■ **Supplied material**:
____

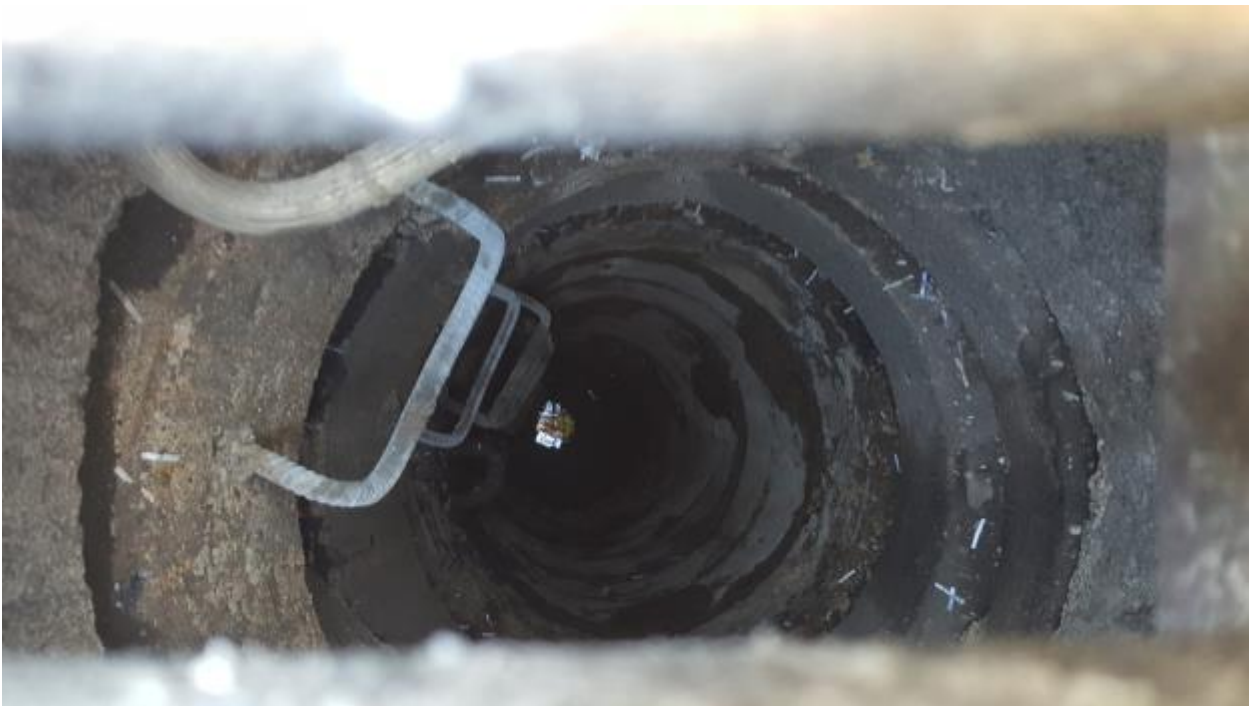
Figure 8 - MH20017744 (Higgins Av) - Riser Condition Requiring Stabilization
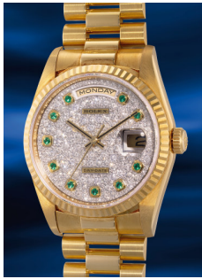
921 Rolex A very fine and exquisite yellow ... Estimate HK$150,000 — 240,000

Hong Kong Auction / 23 May 2025 / 6:30pm HKT
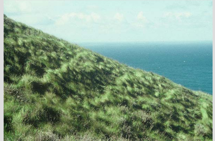
Festuca rubra ~ Big Sur Coast
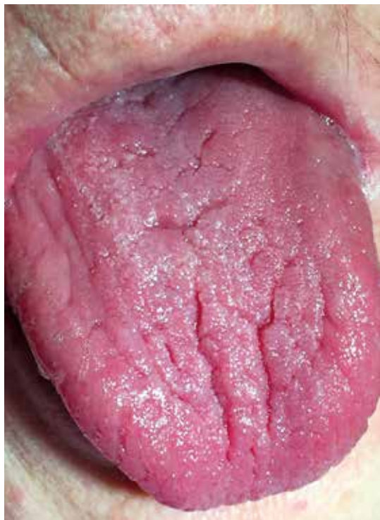
Figure 2. Fissured tongue in patient with psoriasis
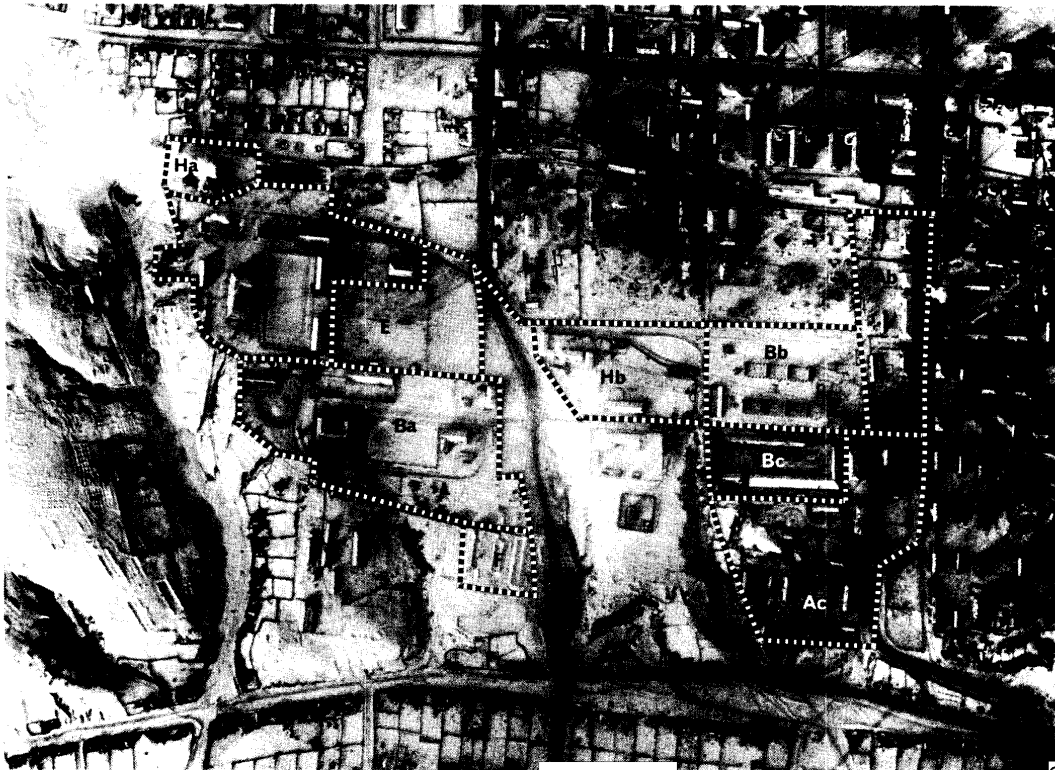
SVOBODNY Y ARMY BARRACKS AL-2, (51-21N 128-08E)
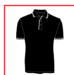
CODE: BW2 LADIES/MENS BLACK/WHITE
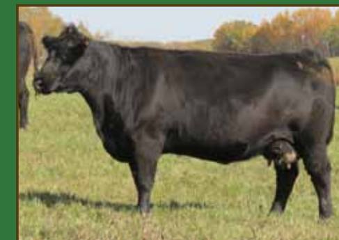
CRESCENT CREEK QUEEN RUTH 14W
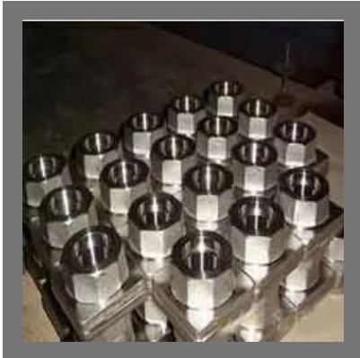
Steel Pipe Flange
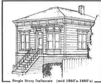
Single Story Italianate (mid 1860's-1880's)
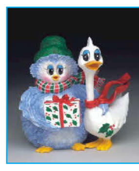
The greatest gift is your friendship S7029
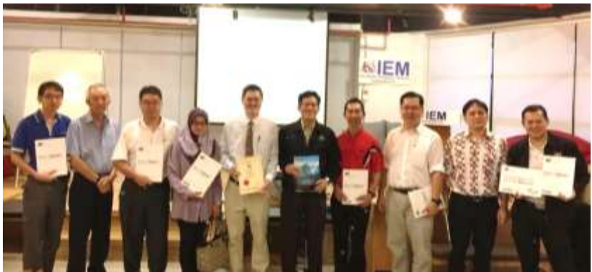
Presentation of Certificate of appreciation and group photo
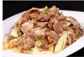
D002 Beijing Hot Wok Sliced Mutton Stir Fried with Spring Onion 京葱爆羊肉 ¥ 9.50
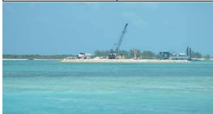
Artificial island being created by pumping dredgings on to the sea-grass beds in the Princess Alexandra National Park, adjacent to the Nature Reserve islands (behind workings and out of view near camera position).
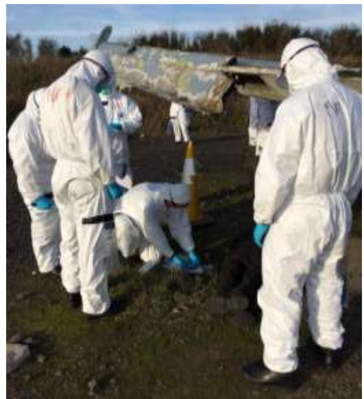
Disaster Victim Identification Training

Major Incident Training – Disaster Victim Identification (DVI): A number of officers were trained in body recovery and scene management which was delivered by UK DVI trainers. This was part of a development programme around the management of various scenes encountered during a major incident. Police took part in a variety of exercises throughout the year working with Harbours, Airport, other emergency services and Civil Protection Volunteers in various training scenarios.
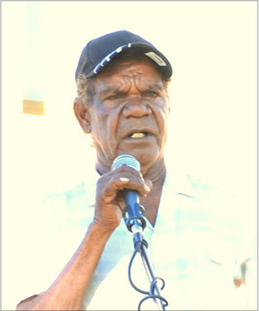
Yuendumu Consultation Participant
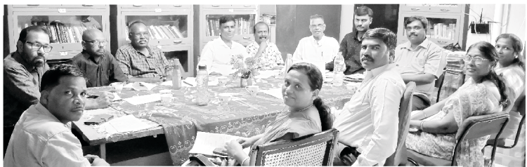
Nehemiah Bible College Board Meeting

India. We ask for God's blessings to shower upon you, your family, and your country.
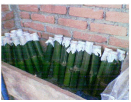
Traditional Incubation. The bamboo tube was propped against the wall in the corner of the room, without temperature control

Incubation using an incubator: Bamboo tube filled with milk is put into the incubator (Figure 1) and the temperature is 39 \,^{\circ} C and RH 60% humidity. The incubator is made with an aluminum rod frame measuring 150x60x50 \, cm. The walls are made of 4 mm thick glass and the back walls of 2 mm aluminum plate. The heater uses a 220 V 100W electric heating element, equipped with a thermohygro regulator to regulate the temperature and humidity in the incubator. The shelf with a height of 40 cm to place a bamboo tube filled with milk to be incubated.
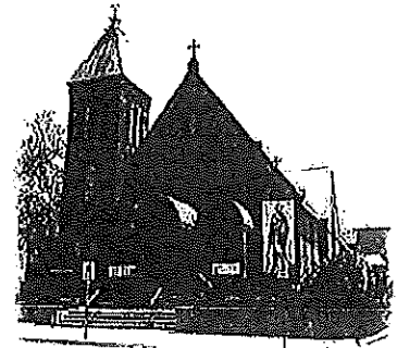
St. Paul's, Highland Park
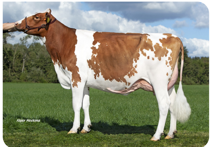
Grashoek Groliena 43 (s. Centrum) Owner: Fok- en melkveebedrijf K.I. Samen B.V., Grashoek (NL)
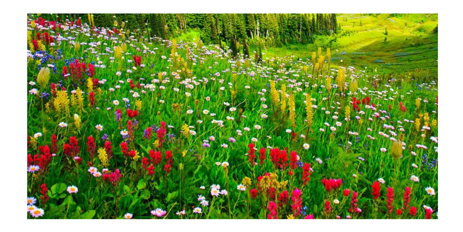
I love the bright flowers.
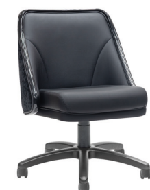
POKER CHAIR CHN-202-5V1-PASH

Seat Height: 27.0 in Seat Width: 18.0 in ( reduced ) Seat Depth: 18.0 in Overall Height: 41.5 in Overall Width: 22.5 in Overall Depth: 24.3 in
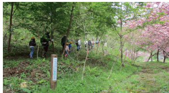
“Twin Leaf Forest” (Takaoka City, Toyama Prefecture)

Over the five years since 2013, we have planted 2,500 broad-leaved tree saplings, and since then we have been working on nurturing them by cutting vines that have become entangled with the saplings.

____

■ **Assigned task**:
Copy each line from the entries above that has the word "temperature" in it.

■ **Reply**:
Traditional Incubation. The bamboo tube was propped against the wall in the corner of the room, without temperature control
Incubation using an incubator: Bamboo tube filled with milk is put into the incubator (Figure 1) and the temperature is 39 \,^{\circ} C and RH 60% humidity. The incubator is made with an aluminum rod frame measuring 150x60x50 \, cm. The walls are made of 4 mm thick glass and the back walls of 2 mm aluminum plate. The heater uses a 220 V 100W electric heating element, equipped with a thermohygro regulator to regulate the temperature and humidity in the incubator. The shelf with a height of 40 cm to place a bamboo tube filled with milk to be incubated.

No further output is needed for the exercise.